Posts Tagged ‘funny’


September 20, 2012

Hi blog! I have so many wonderful wedding and honeymoon posts in store for you. So many! And they’re soon to come! Instead, I bring you this brief chat excerpt between MY HUSBAND and I from today. Because I still have no words.


Me: So I just received a call from my grandfather…
Sean: Tell me more….
Me:  He called to ask me to design the invitations for his “celebration of life party” in the next 6 to 12 months, which he wants to have before he dies. NEWS TO ME. Also, he’s been watching some science shows, and apparently scientists are closer to discovering the 7th dimension, and he’s really looking forward to seeing those other dimensions.

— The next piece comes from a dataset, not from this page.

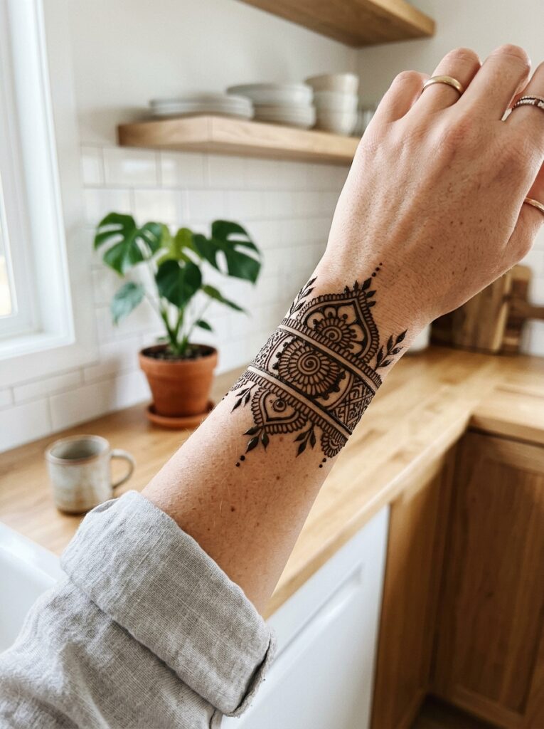 ✦ Artist Tip: Inner wrist skin is sensitive; apply henna gently and encourage the wearer to keep the area warm during the drying process for a deeper stain.

I love grandpas. Sean is going to be an amazing kooky grandfather, I know that for certain.

Oops, just publicly mentioned that we have inclinations toward procreation.

Marcel the Shell with Shoes On

November 16, 2011

I go through a lot of internet in the average week. A lot. I briefly toyed with the idea of sharing what I find here, and may still do that, but much of the time I’m not a fan of parroting the daily viral video or meme beyond a Google Share (RIP you glorious bastard. There is a hole in my heart where you once lived) or a link tossed up on Facebook.

But this. Man, I love everything about this.

Wednesday Night Phone Call

October 6, 2010

In reference to gifts for our upcoming anniversary…

Sean: Want me to tell you what your gift is?

Me: Why would you do that already?

Sean: Because it’s AIDS.

Sean: Ugh, women talking.

Me: Oh, so should we just stop talking about presents then?

Sean: No, because it’s something a man said. Ronald Reagan approves of this message.

This is turning into a quote blog

August 30, 2010

This afternoon I was furiously covering up Sean’s face with blankets, and during the process exclaimed, “Put him back! He’s not done yet!” (reasons unknown)

Sean instantly gets a mock sad face and says, “Awww. I was a preemie…”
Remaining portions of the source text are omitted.